Dataset excerpts
BEGIN

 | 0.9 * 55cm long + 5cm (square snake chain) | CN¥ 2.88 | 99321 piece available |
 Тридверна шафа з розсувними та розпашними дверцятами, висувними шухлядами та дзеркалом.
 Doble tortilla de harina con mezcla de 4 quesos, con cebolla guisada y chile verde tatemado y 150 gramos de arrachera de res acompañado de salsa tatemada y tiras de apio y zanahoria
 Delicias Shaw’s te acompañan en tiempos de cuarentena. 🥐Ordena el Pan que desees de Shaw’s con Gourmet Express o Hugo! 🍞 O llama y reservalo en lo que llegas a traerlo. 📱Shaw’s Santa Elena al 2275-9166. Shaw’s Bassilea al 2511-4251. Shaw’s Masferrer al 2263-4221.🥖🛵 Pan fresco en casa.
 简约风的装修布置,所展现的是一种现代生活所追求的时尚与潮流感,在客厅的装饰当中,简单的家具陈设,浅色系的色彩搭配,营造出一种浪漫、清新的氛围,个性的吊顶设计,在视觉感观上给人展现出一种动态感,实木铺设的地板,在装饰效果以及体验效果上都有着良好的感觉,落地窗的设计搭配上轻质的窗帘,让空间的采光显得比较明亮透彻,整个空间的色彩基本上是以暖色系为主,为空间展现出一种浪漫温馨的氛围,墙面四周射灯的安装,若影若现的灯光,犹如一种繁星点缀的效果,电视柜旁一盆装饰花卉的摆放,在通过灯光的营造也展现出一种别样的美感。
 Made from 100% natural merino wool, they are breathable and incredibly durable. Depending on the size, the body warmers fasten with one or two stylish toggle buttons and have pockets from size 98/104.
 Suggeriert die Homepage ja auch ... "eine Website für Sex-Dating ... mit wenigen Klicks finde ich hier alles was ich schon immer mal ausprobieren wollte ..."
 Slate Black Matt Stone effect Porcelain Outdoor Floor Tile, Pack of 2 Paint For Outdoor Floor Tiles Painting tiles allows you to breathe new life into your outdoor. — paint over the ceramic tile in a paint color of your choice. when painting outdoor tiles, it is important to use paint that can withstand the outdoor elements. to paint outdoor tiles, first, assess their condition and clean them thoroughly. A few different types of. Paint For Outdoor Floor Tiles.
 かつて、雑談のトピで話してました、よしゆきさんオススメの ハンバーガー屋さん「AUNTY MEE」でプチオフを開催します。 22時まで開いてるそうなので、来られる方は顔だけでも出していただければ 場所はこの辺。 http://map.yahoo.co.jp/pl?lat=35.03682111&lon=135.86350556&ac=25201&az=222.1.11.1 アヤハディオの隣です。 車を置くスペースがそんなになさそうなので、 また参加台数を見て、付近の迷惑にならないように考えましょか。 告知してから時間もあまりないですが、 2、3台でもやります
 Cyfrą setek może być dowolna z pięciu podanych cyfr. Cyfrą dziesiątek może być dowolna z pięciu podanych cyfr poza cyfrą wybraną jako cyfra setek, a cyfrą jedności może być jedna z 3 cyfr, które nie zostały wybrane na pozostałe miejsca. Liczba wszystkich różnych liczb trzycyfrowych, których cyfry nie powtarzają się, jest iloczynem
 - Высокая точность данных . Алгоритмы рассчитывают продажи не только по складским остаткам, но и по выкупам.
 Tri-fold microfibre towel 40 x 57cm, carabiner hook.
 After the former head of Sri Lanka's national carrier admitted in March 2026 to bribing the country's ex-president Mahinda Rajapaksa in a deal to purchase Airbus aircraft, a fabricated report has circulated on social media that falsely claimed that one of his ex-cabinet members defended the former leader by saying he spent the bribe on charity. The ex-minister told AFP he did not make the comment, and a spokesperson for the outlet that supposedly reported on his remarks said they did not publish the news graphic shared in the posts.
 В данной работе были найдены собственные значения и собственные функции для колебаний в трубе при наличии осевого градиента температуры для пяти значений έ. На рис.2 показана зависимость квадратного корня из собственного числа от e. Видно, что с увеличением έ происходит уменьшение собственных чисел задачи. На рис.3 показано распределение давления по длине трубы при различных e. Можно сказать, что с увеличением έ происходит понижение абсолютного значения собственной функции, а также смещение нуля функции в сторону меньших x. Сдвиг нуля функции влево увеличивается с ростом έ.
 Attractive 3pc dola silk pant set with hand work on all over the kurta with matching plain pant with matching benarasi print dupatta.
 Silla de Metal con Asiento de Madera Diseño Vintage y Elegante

END

> What you should do: Could I ask you to return the records exactly and in full?

> Answer to the exercise:
 | 0.9 * 55cm long + 5cm (square snake chain) | CN¥ 2.88 | 99321 piece available |
 Тридверна шафа з розсувними та розпашними дверцятами, висувними шухлядами та дзеркалом.
 Doble tortilla de harina con mezcla de 4 quesos, con cebolla guisada y chile verde tatemado y 150 gramos de arrachera de res acompañado de salsa tatemada y tiras de apio y zanahoria
 Delicias Shaw’s te acompañan en tiempos de cuarentena. 🥐Ordena el Pan que desees de Shaw’s con Gourmet Express o Hugo! 🍞 O llama y reservalo en lo que llegas a traerlo. 📱Shaw’s Santa Elena al 2275-9166. Shaw’s Bassilea al 2511-4251. Shaw’s Masferrer al 2263-4221.🥖🛵 Pan fresco en casa.
 简约风的装修布置,所展现的是一种现代生活所追求的时尚与潮流感,在客厅的装饰当中,简单的家具陈设,浅色系的色彩搭配,营造出一种浪漫、清新的氛围,个性的吊顶设计,在视觉感观上给人展现出一种动态感,实木铺设的地板,在装饰效果以及体验效果上都有着良好的感觉,落地窗的设计搭配上轻质的窗帘,让空间的采光显得比较明亮透彻,整个空间的色彩基本上是以暖色系为主,为空间展现出一种浪漫温馨的氛围,墙面四周射灯的安装,若影若现的灯光,犹如一种繁星点缀的效果,电视柜旁一盆装饰花卉的摆放,在通过灯光的营造也展现出一种别样的美感。
 Made from 100% natural merino wool, they are breathable and incredibly durable. Depending on the size, the body warmers fasten with one or two stylish toggle buttons and have pockets from size 98/104.
 Suggeriert die Homepage ja auch ... "eine Website für Sex-Dating ... mit wenigen Klicks finde ich hier alles was ich schon immer mal ausprobieren wollte ..."
 Slate Black Matt Stone effect Porcelain Outdoor Floor Tile, Pack of 2 Paint For Outdoor Floor Tiles Painting tiles allows you to breathe new life into your outdoor. — paint over the ceramic tile in a paint color of your choice. when painting outdoor tiles, it is important to use paint that can withstand the outdoor elements. to paint outdoor tiles, first, assess their condition and clean them thoroughly. A few different types of. Paint For Outdoor Floor Tiles.
 かつて、雑談のトピで話してました、よしゆきさんオススメの ハンバーガー屋さん「AUNTY MEE」でプチオフを開催します。 22時まで開いてるそうなので、来られる方は顔だけでも出していただければ 場所はこの辺。 http://map.yahoo.co.jp/pl?lat=35.03682111&lon=135.86350556&ac=25201&az=222.1.11.1 アヤハディオの隣です。 車を置くスペースがそんなになさそうなので、 また参加台数を見て、付近の迷惑にならないように考えましょか。 告知してから時間もあまりないですが、 2、3台でもやります
 Cyfrą setek może być dowolna z pięciu podanych cyfr. Cyfrą dziesiątek może być dowolna z pięciu podanych cyfr poza cyfrą wybraną jako cyfra setek, a cyfrą jedności może być jedna z 3 cyfr, które nie zostały wybrane na pozostałe miejsca. Liczba wszystkich różnych liczb trzycyfrowych, których cyfry nie powtarzają się, jest iloczynem
 - Высокая точность данных . Алгоритмы рассчитывают продажи не только по складским остаткам, но и по выкупам.
 Tri-fold microfibre towel 40 x 57cm, carabiner hook.
 After the former head of Sri Lanka's national carrier admitted in March 2026 to bribing the country's ex-president Mahinda Rajapaksa in a deal to purchase Airbus aircraft, a fabricated report has circulated on social media that falsely claimed that one of his ex-cabinet members defended the former leader by saying he spent the bribe on charity. The ex-minister told AFP he did not make the comment, and a spokesperson for the outlet that supposedly reported on his remarks said they did not publish the news graphic shared in the posts.
 В данной работе были найдены собственные значения и собственные функции для колебаний в трубе при наличии осевого градиента температуры для пяти значений έ. На рис.2 показана зависимость квадратного корня из собственного числа от e. Видно, что с увеличением έ происходит уменьшение собственных чисел задачи. На рис.3 показано распределение давления по длине трубы при различных e. Можно сказать, что с увеличением έ происходит понижение абсолютного значения собственной функции, а также смещение нуля функции в сторону меньших x. Сдвиг нуля функции влево увеличивается с ростом έ.
 Attractive 3pc dola silk pant set with hand work on all over the kurta with matching plain pant with matching benarasi print dupatta.
 Silla de Metal con Asiento de Madera Diseño Vintage y Elegante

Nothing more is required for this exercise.